All of lore.kernel.org
 help / color / mirror / Atom feed
From: Dave Chinner <david@fromorbit.com>
To: Jan Kara <jack@suse.cz>
Cc: Christoph Hellwig <hch@infradead.org>,
	linux-fsdevel@vger.kernel.org, linux-xfs@vger.kernel.org,
	linux-bcachefs@vger.kernel.org, kent.overstreet@linux.dev,
	torvalds@linux-foundation.org
Subject: Re: [RFC PATCH 0/7] vfs: improving inode cache iteration scalability
Date: Thu, 3 Oct 2024 23:35:56 +1000	[thread overview]
Message-ID: <Zv6dvCpGIqOr9IPw@dread.disaster.area> (raw)
In-Reply-To: <20241003124619.wfgozqj4yoyl4xbu@quack3>

On Thu, Oct 03, 2024 at 02:46:19PM +0200, Jan Kara wrote:
> On Thu 03-10-24 05:18:30, Christoph Hellwig wrote:
> > On Thu, Oct 03, 2024 at 01:45:55PM +0200, Jan Kara wrote:
> > > /* Find next inode on the inode list eligible for processing */
> > > #define sb_inode_iter_next(sb, inode, old_inode, inode_eligible) 	\
> > > ({									\
> > > 	struct inode *ret = NULL;					\
> > 
> > <snip>
> > 
> > > 	ret;								\
> > > })
> > 
> > How is this going to interact with calling into the file system
> > to do the interaction, which is kinda the point of this series?
> 
> Yeah, I was concentrated on the VFS bits and forgot why Dave wrote this
> series in the first place.
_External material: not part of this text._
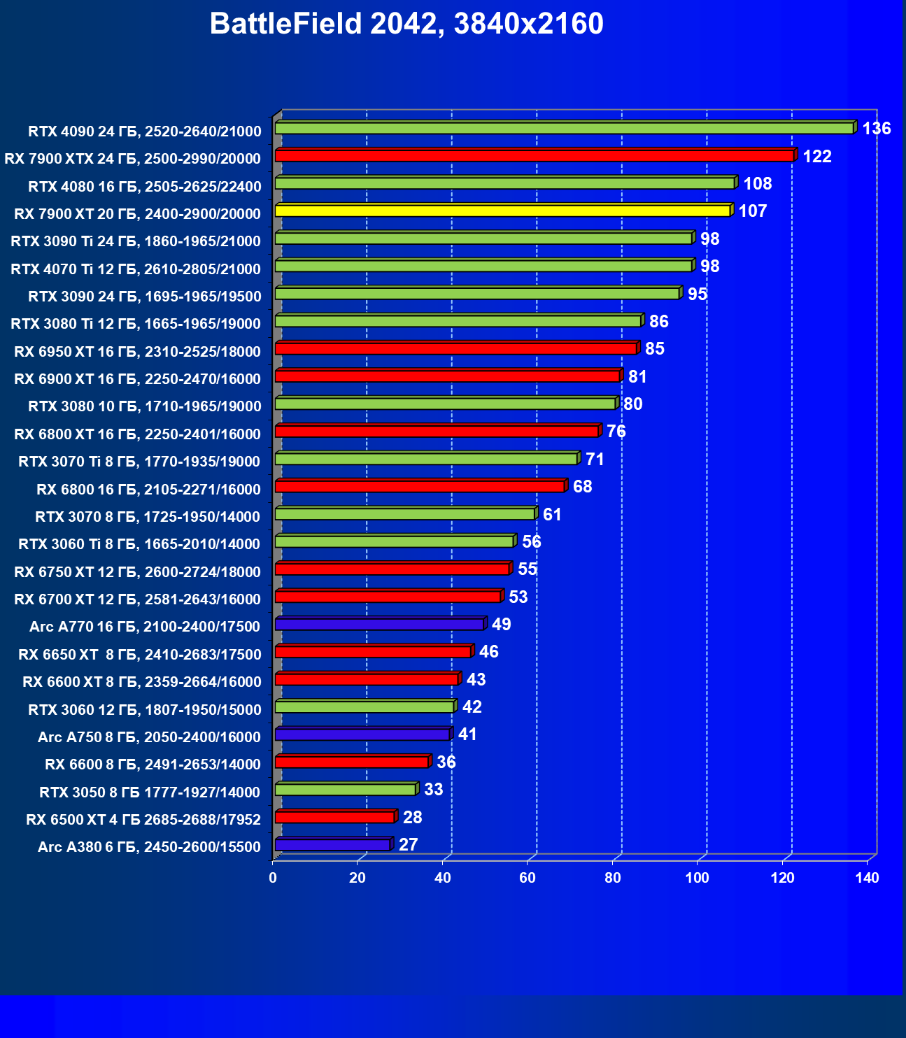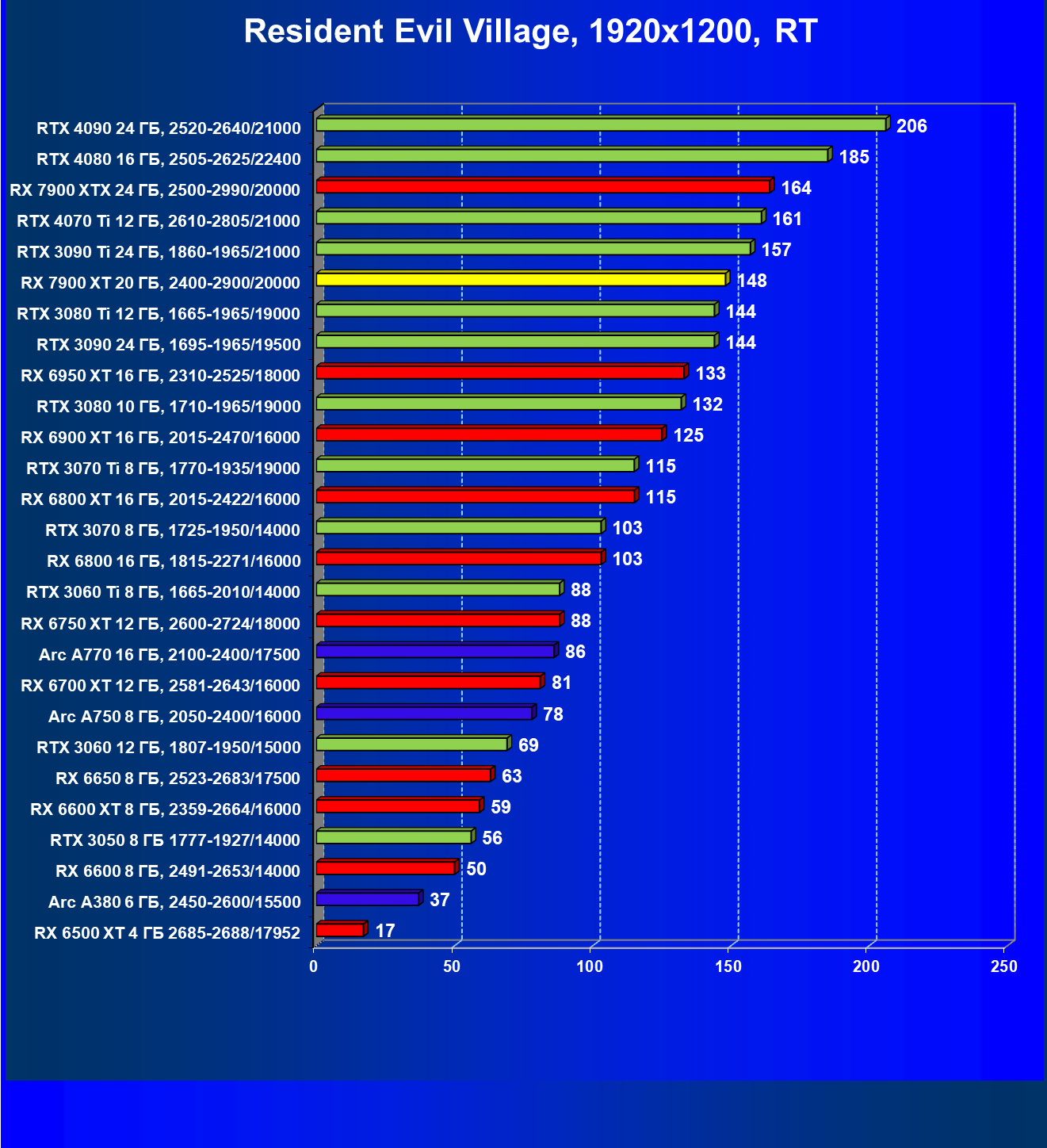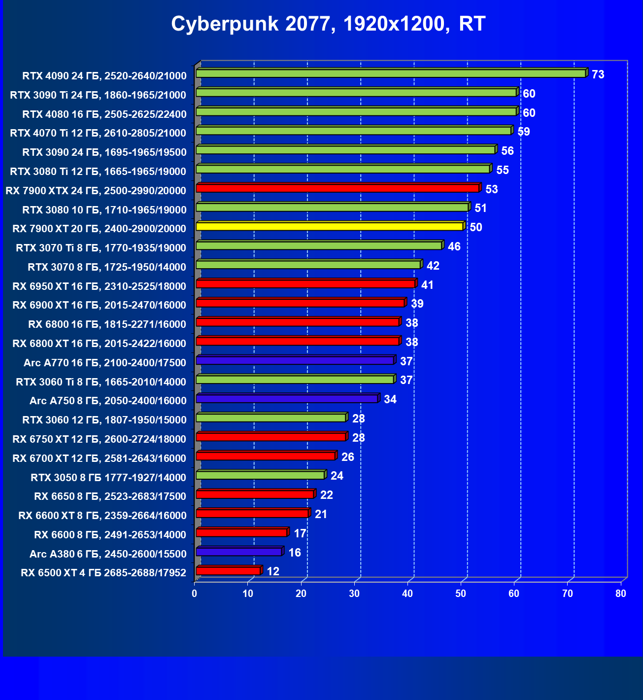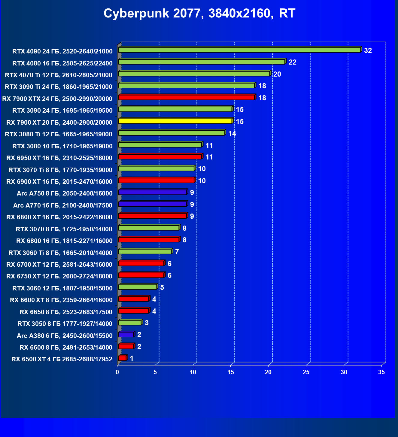 Radeon RX 7900 XT стал отличным конкурентом для GeForce RTX 4070 Ti, в играх с растеризацией обходя соперника, а в играх с RT немного отставая от него. В целом можно сказать, что они примерно равны. Пока цены новинок AMD на нашем рынке высоковаты из-за запоздалого появления этих карт, но рано или поздно они должны придти в норму, и тогда Radeon RX 7900 XT должен оказаться примерно равен GeForce RTX 4070 Ti и по цене. При этом Radeon RX 7900 XT обладает 20 ГБ памяти против 12 ГБ у соперника, хотя это скорее неустранимая особенность логической организации чипа, чем осмысленное решение. Ведь даже в разрешении 4K двенадцати гигабайт локальной памяти хватит всем играм на 2-3 года вперед, так что больший объем памяти у продукта AMD не становится реальным конкурентным преимуществом.

So this style of iterator isn't useful for what
> Dave wants to achieve. Sorry for the noise. Still the possibility to have a
> callback under inode->i_lock being able to do stuff and decide whether we

I did that first, and turned into an utter mess the moment we step
outside the existing iterator mechanism.

I implemented a separate XFS icwalk function because having to hold
the inode->i_lock between inode lookup and the callback function
means we cannot do batched inode lookups from the radix tree.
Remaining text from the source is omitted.